I'm trying to work up a backup strategy for some clients, and am leaning towards duplicity for remote backup (already use rdiff-backup for internal/on location backups).
Is it reasonable to want a full backup every so often? Since duplicity increments forward, each incremental backup is relying on the previous increment, and all are relying heavily on the last full backup. Should that become corrupt, bad things happen. A related question: Does Duplicity test the incremental backups for consistency?
Assuming I do want a full backup every so often, how efficiently does duplicity create that full backup? Can/does it check file signatures and copy unchanged data from previous full backups/increments? Basically creating a new 'full' archive transferring new/changed data and merging existing unchanged data?
Right now my concern is that running a full backup is needed, but the consistent large bandwidth use of full backups will make this unreasonable for some clients.
I think it's reasonable to want a full backup every so often: most of my machines are configured to do one every few months. There's nothing magic about that number: the right value is going to depend on how much data you have, how fast it changes, how likely you are to want to restore from anything other than the most recent snapshot, how much traffic and storage costs you, and how paranoid you are. Other people might want a full backup every week.
Unless you do a full backup from time to time the archive size and recovery time will continue to grow.
I don't think duplicity specifically has a "check" command http://pad.lv/660895, but it would be nice if it did. It is very prudent to do a test restore every so often.
A related question is whether you should keep more than one backup chain. Again, it depends on the cost. One reason to keep one is that you could restore from it if the current chain is corrupt, either because of hardware failure, OS failure, or a duplicity bug. Of course if the old chain is very old, restoring from it may be of limited value.
Making a full backup always uploads a full copy of the data.
If the client concern is the fraction of bandwidth used, rather than traffic charges, you might want to run it under eg
trickle
.What you are asking for is called a synthetic full backup, which refers to the process of getting a full backup by merging an incremental backup with a previous full backup on the destination side (ie: the backup server).
I'm not familiar with Duplicity, but from their website it appears to not do synthetic full backups.
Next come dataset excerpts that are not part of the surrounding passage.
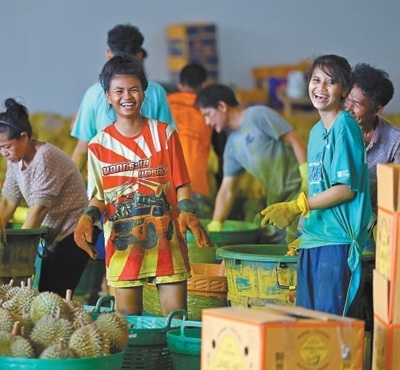 榴蓮是中國(guó)第一大水果進(jìn)口品類。據(jù)統(tǒng)計(jì),2023年中國(guó)進(jìn)口142.6萬(wàn)噸鮮榴蓮,其中92.9萬(wàn)噸來(lái)自泰國(guó)。中國(guó)市場(chǎng)的強(qiáng)勁需求,帶動(dòng)了泰國(guó)水果產(chǎn)業(yè)發(fā)展。泰國(guó)商業(yè)部數(shù)據(jù)顯示,2024年尖竹汶府的榴蓮產(chǎn)量預(yù)計(jì)突破56萬(wàn)噸,同比增長(zhǎng)超4.3%。同時(shí),山竹、龍宮果等熱帶水果的產(chǎn)量也迎來(lái)了快速增長(zhǎng)?!拔彝扑]了不少親朋好友來(lái)水果加工廠上班,收入有保障,旺季的提成更是豐厚!”猜維開心地說。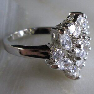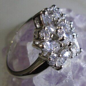 Clear Flower Cubic Zirconia cocktail ring. Silver plated metal alloy. Simulates Diamonds. Purchased 2008 and unworn.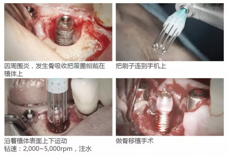 通過在種植體周圍高速旋轉(zhuǎn),清除周圍炎癥,從而有利于延長(zhǎng)種植體使用壽命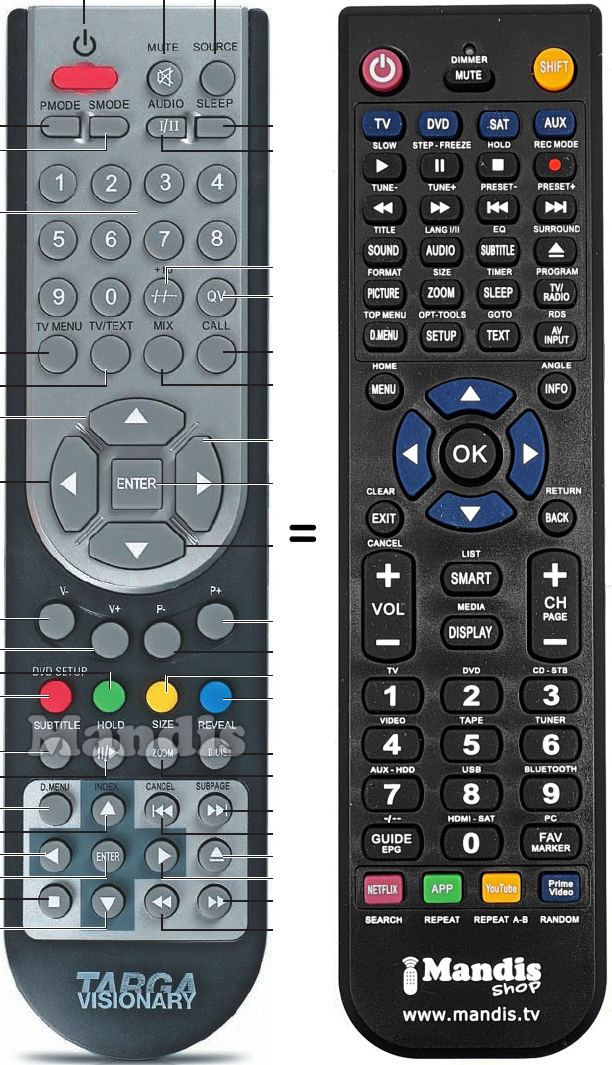 Die Fernbedienung ersetzt das Original VISIONARYLT1910DVD in der Gesamtheit seiner Funktionen.

You must keep all of the incrementals back to the full on which they're based. If that is the case, you will probably want to force a full backup every so often, because:
One interesting way to achieve synthetic fulls is to use rsync with the --link-dest=DIR option, or use rsnapshot. It will only store the differences between each incremental backup, but each one will appear to be full. When you delete any of them, it will automatically merge the incrementals appropriately. It does this through the magic of hard links, so the diffs will be file-based (either the file has changed and is included in the diff, or not).